LLMs hallucinate. In regulatory work, apart from being annoying, it is actually dangerous.
At Qalico, we have been using AI extensively, and we have seen every flavor of hallucination. Here are real examples from QARA work and how to catch them.
Made-up FDA product codes
Ask an LLM for the product code of a specific device type and it will confidently give you one. It often looks right: three letters, plausible category. But check it against the FDA Product Classification Database and it does not exist. Or worse, it exists but maps to a completely different device type.
How to catch it: You can ask LLMs for product codes, just make a habit of double-checking the code in the actual FDA Product Classification Database.
Incorrect regulation references
Ask an LLM to cite a specific MDR article or chapter and it will. Confidently. But the article number might not say what it claims, or the chapter structure might be wrong entirely. Same thing with ISO standards: it will cite clause numbers that do not exist or mix up requirements from different editions.
How to catch it: Never trust a regulation reference without opening the actual document. If the LLM gives you "MDR Article 52" or "ISO 14971 clause 7.4," go read it. This takes 30 seconds and saves you from building an argument on a reference that does not support it.
Fabricated database results
Ask for the latest PMA-cleared device in a specific category and you will get an answer with an actual device that is recent, but not quite the latest. This is because the model's training data has a cutoff date. You think you are getting current information but you are looking at a snapshot from months or even years ago.
How to catch it: Always check directly in the actual database. For FDA, that means MAUDE, 510(k) database, or PMA database directly. If you need up-to-date data, the only reliable source is the database itself.
The general rule
Hallucinations in QARA work follow a pattern: they look structurally correct. The format is right, the terminology is right, the level of detail feels right.
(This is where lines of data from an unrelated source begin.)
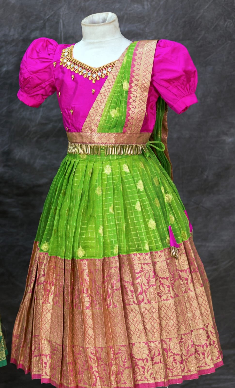 Elevate your little one’s wardrobe with Prettypattu's exquisite collection of Pattu Pavadai, Frocks, and Half Sarees – a perfect blend of tradition, comfort, and elegance. Designed to celebrate the rich cultural heritage of South India, these timeless pieces bring grace and charm to any occasion, whether it's a festival, family gathering, or a special event.
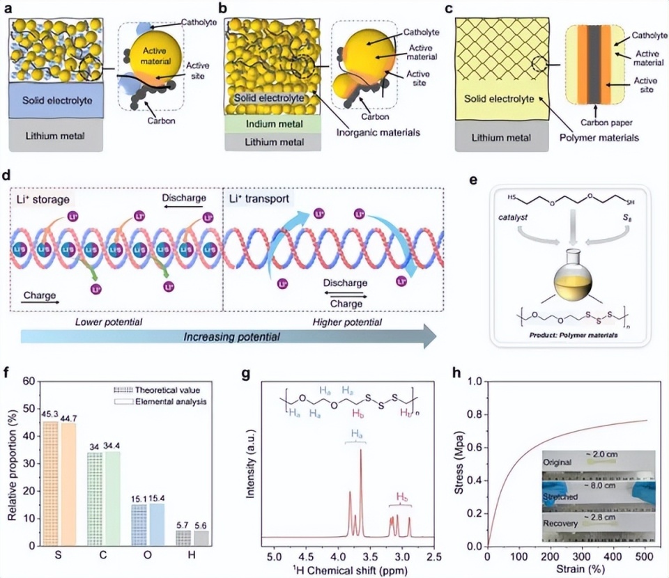 中国科学院金属所团队则利用聚合物分子的设计灵活性,在主链上同时引入具有离子传导功能的乙氧基团和具备电化学活性的短硫链,可以抓取更多的锂离子,能量密度提升86%。基于这种材料构建的电池,可承受20000次反复弯折。
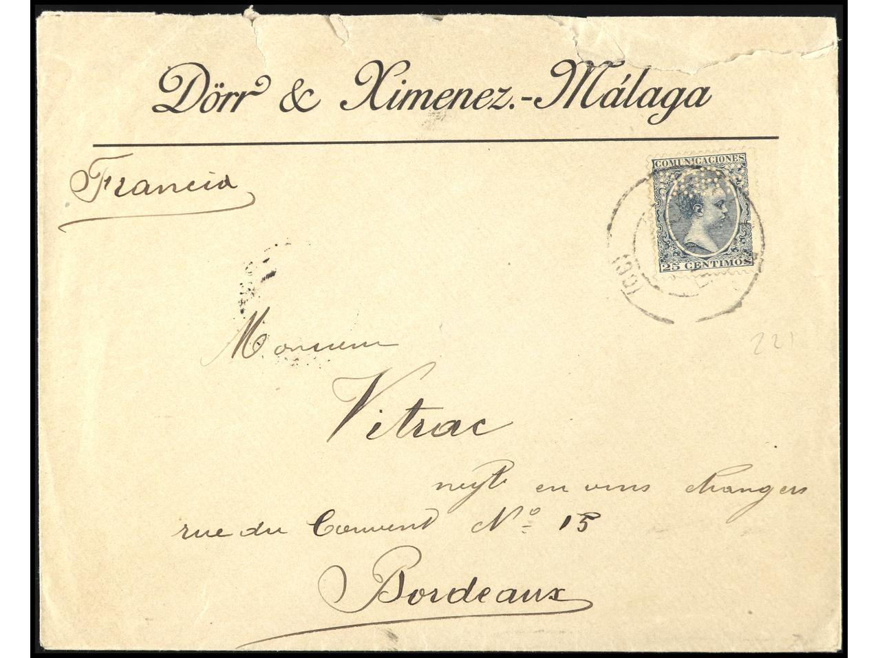 ESPAÑA. 25 cts. con perforación ´DORR´ circulada de MÁLAGA a BURDEOS. BONITA. Ed.221. (Image1)
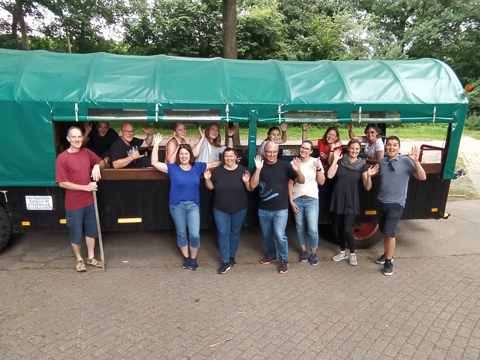 Am 9. Juli unternahm unser Vorstand eine gemütliche Planwagentour durch die Rheurdter Ortsteile. Unser Vorsitzender Andreas Mölders hatte ein abwechslungsreiches und gelungenes Programm organisiert. Unter anderem führte uns Karl Goetzens über den Milchviehbetrieb, und Wilhelm Helmanns lud zu einer Kostprobe seiner edlen Schnäpse und Liköre in seiner Brennerei ein.

That is what makes them hard to spot and dangerous to miss.
Three habits that help:
- Always verify references against primary sources. Every single time.
- Be extra suspicious when the answer comes too easily. Real regulatory work involves ambiguity. If the AI gives you a clean, definitive answer to something you know is complicated, double-check.
- Use AI for the heavy lifting (drafting, comparing, extracting) but keep the verification human.
This is a core principle behind how we built Qalico: AI does the analysis, but traceability and source access are built in so you can always verify.